> What this task involves
With the pictures removed, set down all of the entries below exactly.

Collection entries:
-- Opening Marker --

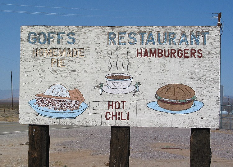 As far as I could tell, there was no Goffs Restaurant, just the sign. There was a store, but it was closed. |
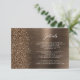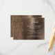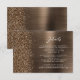 Diese elegante moderne Hochzeitsdetails-Karte enthält ein bronzefarbenes, gebürstetes Metall-Hintergrundbild, das mit klobigem, diamantartigem Glitter bestreut ist. Passen Sie den weißen Text an, wobei der Titel "Details" in stilvoller Handschrift und der restliche Text in einer serifenlosen Schriftart gehalten ist. Die Rückseite zeigt ein passendes Design mit bronzefarbenem, gebürstetem Metall und Glitter.
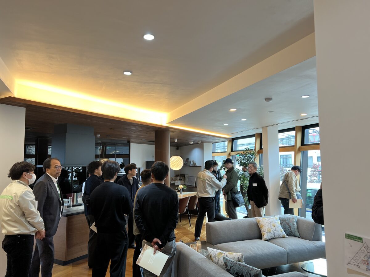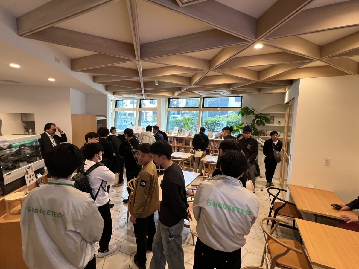 ハウステックス本社では、ショールームをはじめ各フロアや地下の「くらもとファクトリー」などをスタッフがご案内し、社内での取り組みや職人育成の環境づくりについてご紹介しました。実際の建築現場での工夫や大工との連携方法などについても多くの質問が寄せられ、活気ある交流の場となりました。
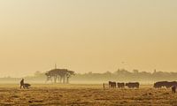 De boer, op weg met een kruiwagen vol lekkers naar zijn koeien. Dit landschap in Noordwijk met zicht op de kerk van Voorhout blijft voor mij nog steeds een prachtige plek, zeker als er nevel is met zon. De bomen, de boer met kruiwagen, de schapen en natuurlijk de koeien en de rust is misschien precies de plaat die u zoekt. Het is een serie van 5 foto's
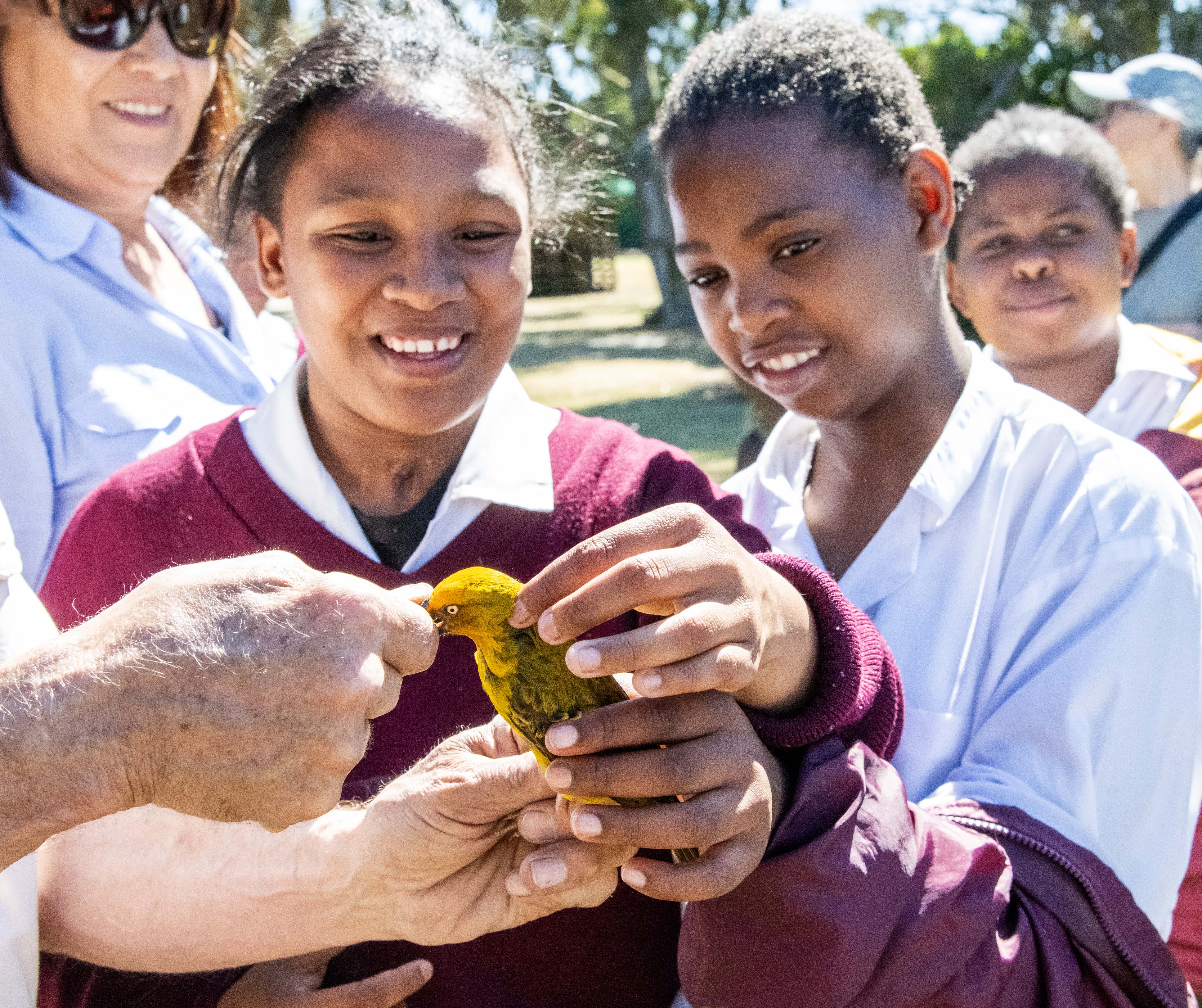Mary-Jane Julies (left) and Mihle Sigeney from the Mispah School for Learners with Special Educational Needs in Elim village hold a Cape Weaver during a bird ringing demonstration by the Biodiversity and Development Institute. This is part of an environmental education week organised by the Nuwejaars Wetlands Special Management Area. Photo: John Yeld
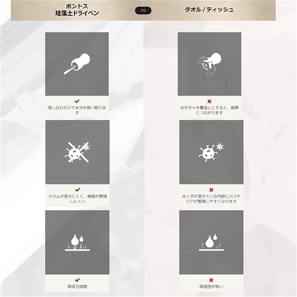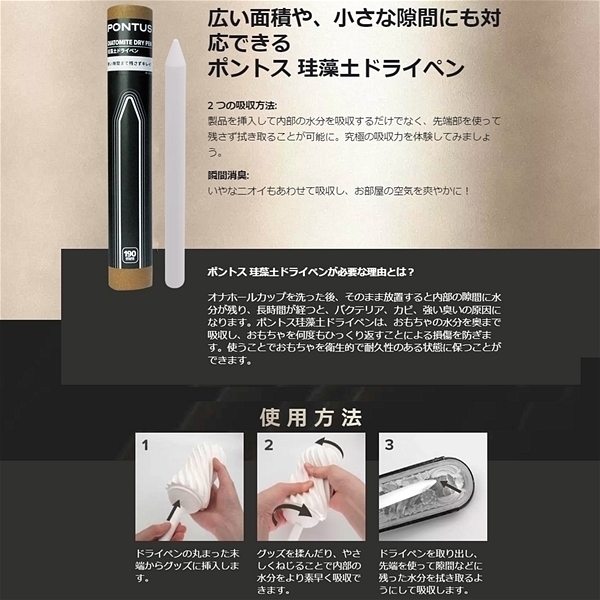 オナホールカップを洗った後そのまま放置すると内部の隙間に水分が残り長時間が経つと、バクテリア、カビ、強い臭いの原因になります。ポントス珪藻土ドライペンは、おもちゃの水分を奥まで吸収し、おもちゃを何度もひっくり返すことによる損傷を防ぎます。使うことでおもちゃを衛生的で耐久性のある状態に保つことができます。

-- Closing Marker --

> Response to this exercise
 As far as I could tell, there was no Goffs Restaurant, just the sign. There was a store, but it was closed. |
 Diese elegante moderne Hochzeitsdetails-Karte enthält ein bronzefarbenes, gebürstetes Metall-Hintergrundbild, das mit klobigem, diamantartigem Glitter bestreut ist. Passen Sie den weißen Text an, wobei der Titel "Details" in stilvoller Handschrift und der restliche Text in einer serifenlosen Schriftart gehalten ist. Die Rückseite zeigt ein passendes Design mit bronzefarbenem, gebürstetem Metall und Glitter.
 ハウステックス本社では、ショールームをはじめ各フロアや地下の「くらもとファクトリー」などをスタッフがご案内し、社内での取り組みや職人育成の環境づくりについてご紹介しました。実際の建築現場での工夫や大工との連携方法などについても多くの質問が寄せられ、活気ある交流の場となりました。
 De boer, op weg met een kruiwagen vol lekkers naar zijn koeien. Dit landschap in Noordwijk met zicht op de kerk van Voorhout blijft voor mij nog steeds een prachtige plek, zeker als er nevel is met zon. De bomen, de boer met kruiwagen, de schapen en natuurlijk de koeien en de rust is misschien precies de plaat die u zoekt. Het is een serie van 5 foto's
Mary-Jane Julies (left) and Mihle Sigeney from the Mispah School for Learners with Special Educational Needs in Elim village hold a Cape Weaver during a bird ringing demonstration by the Biodiversity and Development Institute. This is part of an environmental education week organised by the Nuwejaars Wetlands Special Management Area. Photo: John Yeld
 オナホールカップを洗った後そのまま放置すると内部の隙間に水分が残り長時間が経つと、バクテリア、カビ、強い臭いの原因になります。ポントス珪藻土ドライペンは、おもちゃの水分を奥まで吸収し、おもちゃを何度もひっくり返すことによる損傷を防ぎます。使うことでおもちゃを衛生的で耐久性のある状態に保つことができます。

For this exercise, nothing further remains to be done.